On March 25, 2026, Rep. Jamie Raskin (ranking member, House Judiciary) publicized a letter to Attorney General Pam Bondi seeking information about newly produced DOJ investigative materials tied to the Trump classified-documents investigation.
Raskin says DOJ produced a Jan. 13, 2023 memo as part of ongoing document production to the committee; the memo reportedly summarizes investigative steps and prosecutors’ assessments about classified materials.
The memo allegedly states investigators found classified materials “commingled” with post-presidency documents and that some classified documents “would be pertinent to certain business interests,” which prosecutors viewed as a potential motive to retain them.
The memo allegedly describes at least one document so restricted that “only six” senior officials had access, and characterizes the potential harm to national security as “aggravated.”
Raskin claims the materials describe scanning/cloud storage by unauthorized individuals and an incident involving a “classified map” that Trump may have shown to people on an airplane; a passenger list was reportedly redacted.
Raskin speculates about possible foreign exposure (including Saudi officials) and links the incident to Middle East military posture, but does not present the map’s content or evidence of foreign viewing in the release.

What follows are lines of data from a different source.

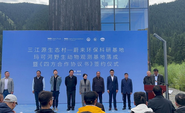 9月5日,中國科學(xué)院三江源國家公園研究院黨委副書(shū)記、紀委書(shū)記楊勇剛,海北站副站長(cháng)郭小偉,工程師樊博等受邀參加瑪可河野生動(dòng)物觀(guān)測基地(蔚來(lái)三江源生態(tài)村環(huán)??蒲谢兀┙遗苾x式并簽訂合作協(xié)議。
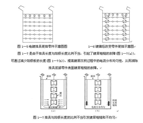 有些電鍍故障,經(jīng)常出現(xiàn)在零件的固定部位或掛具某些部位的零件上。出現(xiàn)這種現(xiàn)象時,可以用改變零件的裝掛位置或裝掛方向,來觀察故障現(xiàn)象是否隨裝掛位置(或方向)的改變而改變,如圖1-5所示某塑料鍍鉻零件裝掛。在鍍鉻時經(jīng)常在掛具左邊或右邊最外面一排零件出現(xiàn)棕褐色鉻層。出現(xiàn)故障后,一直認(rèn)為這種故障是鍍鉻過程中產(chǎn)生的,所以就一直采取處理鍍鉻溶液的方法,但半年多都沒有排除故障,后來用改變零件裝掛位置進行試驗,發(fā)現(xiàn)故障起源于鍍鉻以前。故障現(xiàn)象出現(xiàn)在第1排或第6排零件上(偶爾也不出現(xiàn)這種故障),通過改變零件裝掛位置尋找故障的起源,將鍍好光亮鎳后的第1排與第2排的零件交換位置;第6排與第5排的零件交換位置(圖1-6)。改變裝掛位置以后進行鍍鉻,故障現(xiàn)象不是出現(xiàn)在最外面一排,而是出現(xiàn)在第2排或第5排的零件上。說明故障起源于鍍鉻以前,與鍍鉻液無關(guān)。經(jīng)過多種方法試驗,最后找出來是光亮鎳鍍好以后出槽時,一個掛具零件還在電鍍,這一掛具出槽時,靠近電鍍掛具的出槽零件表面產(chǎn)生了雙性電極而造成的。可見這一起故障,若不用改變零件裝掛位置進行試驗,故障的起因就很難找到。
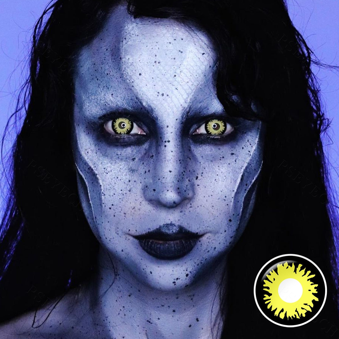 This pair of werewolf eye contacts are perfect for you if you want to be a werewolf or other mythical creature. These contacts are yellow with a black background and have your iris as the pupil. Give yourself an animalistic look to really bring out the beast in you!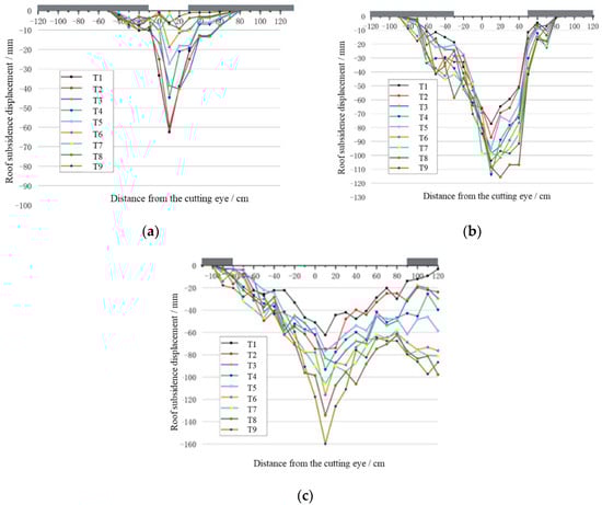 Schematic diagram of the top plate displacement and sinking: (a) advancement of drawdown width to 80 m, (b) advancement of draw-down width to 120 m, and (c) advancement of drawdown width to 170 m.

Raskin argues DOJ is simultaneously producing “cherry-picked” documents to House Republicans while Jack Smith remains constrained by court orders; other reporting notes concerns the production may include sealed grand jury material.
Separate reporting in February 2026 says Judge Aileen Cannon permanently blocked DOJ from releasing the classified-documents portion (Volume II) of Smith’s final report, leaving much of the evidentiary record nonpublic.